“Just” listening no more…
Words are so powerful – even little, qualifying words like “just.” Over the last few years, I have often asked students and colleagues what they did for a particular client only to hear them reply that they “just listened.” As if listening to someone is somehow minimal. As if listening to someone is anything less than an act of profound honor and respect. As if listening isn’t one of the most difficult things to do well. There’s nothing “just” about truly listening.
Listening requires me to set aside my own agenda. It necessitates that I suspend my judgments – sometimes dozens of them in a matter of minutes. I am called upon to put down my pen, turn away from my list of things to do, take my eye off my watch, forget about all the conversations I am reminded of as this person tells this story, fend off my overactive brain’s constant suggestions of what I would do if I were faced with this dilemma. Listening requires active focus. It requires me to step entirely outside of myself and take in what is being said in relation to the speaker – not in relation to me. Listening is hard work.

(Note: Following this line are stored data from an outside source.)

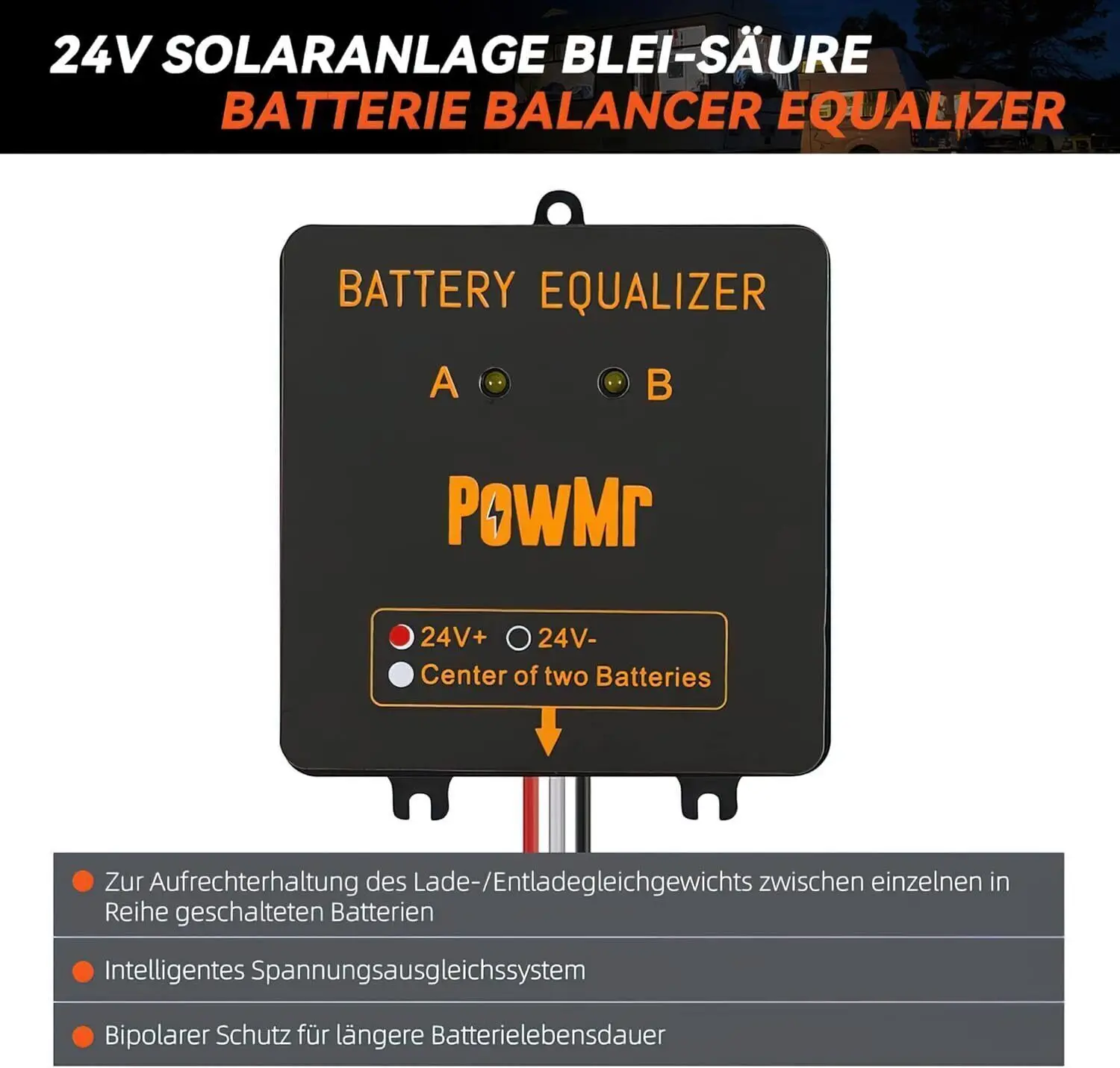 PowMr 24V Battery Balancer 24v Solar System 12V Battery Equalizer Lead Battery Series Solar Cell Regulator Protects the Battery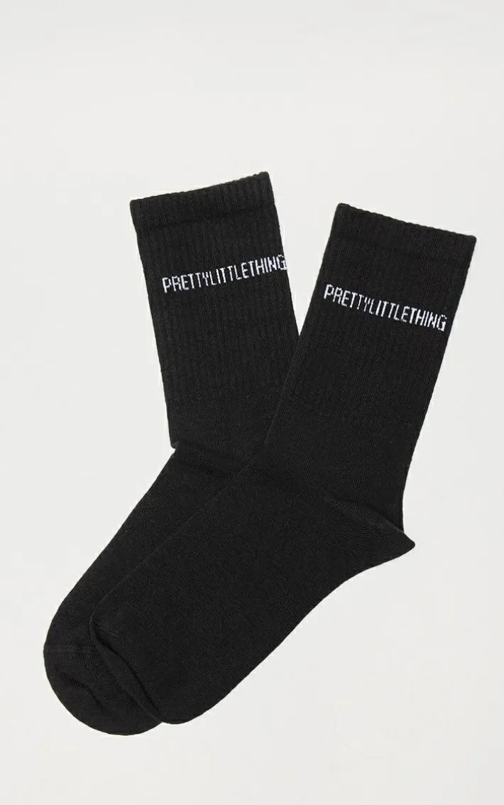 We are obsessing over these cute socks to add to your outfit of the day. Featuring a soft black material with PrettyLittleThing logo detailing, team this with chunky combat boots or box-fresh kicks to level up your footwear game.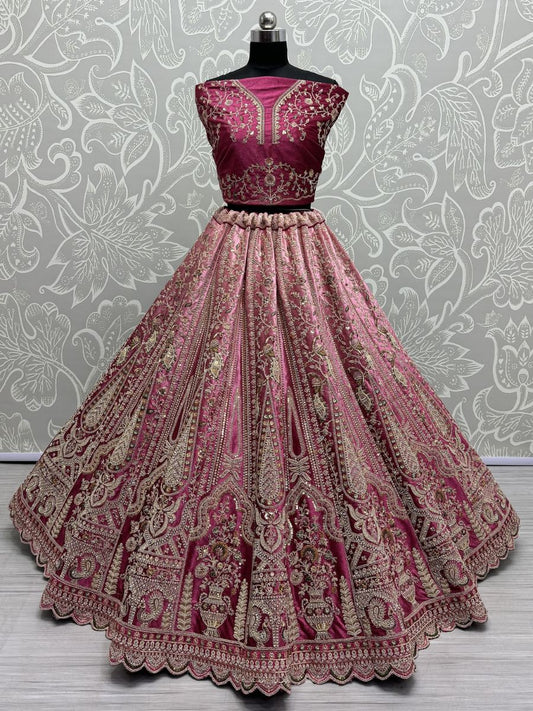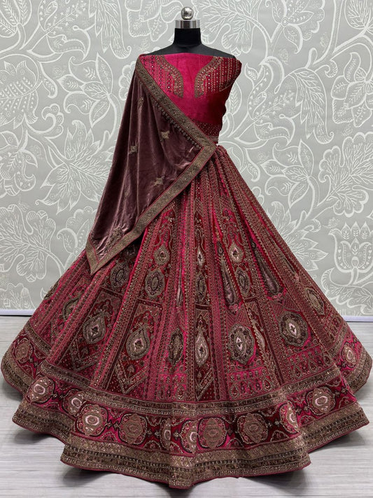 Pink and Wine Embroidered Bridal Velvet Lehenga Choli

I suspect that “just listening” derives from the kind of self-focused, I-can’t-wait-until-she’s-done-talking-so-I-can-tell-her-my-story-which-is-much-more-amazing-than-hers sort of interactions that I, at least, have more of than I like.
Real listening happens when I slow down enough to set my life aside for a moment and notice, honor and accept another being into the space in front of me. It is work right up until I let go of me and settle into another. Then, it is peaceful and rejuvenating – it is that profoundly precious gift that comes from giving.
Take a moment sometime soon to set your self aside and listen deeply to someone else. Stay with it, even as your mind wanders through Judgment Junction and Suggestion Swamp, redirect it gently to the miracle life force placing this profound trust in you. Try to hear, see and absorb the significance of the words to their speaker. There is nothing “just” about this listening.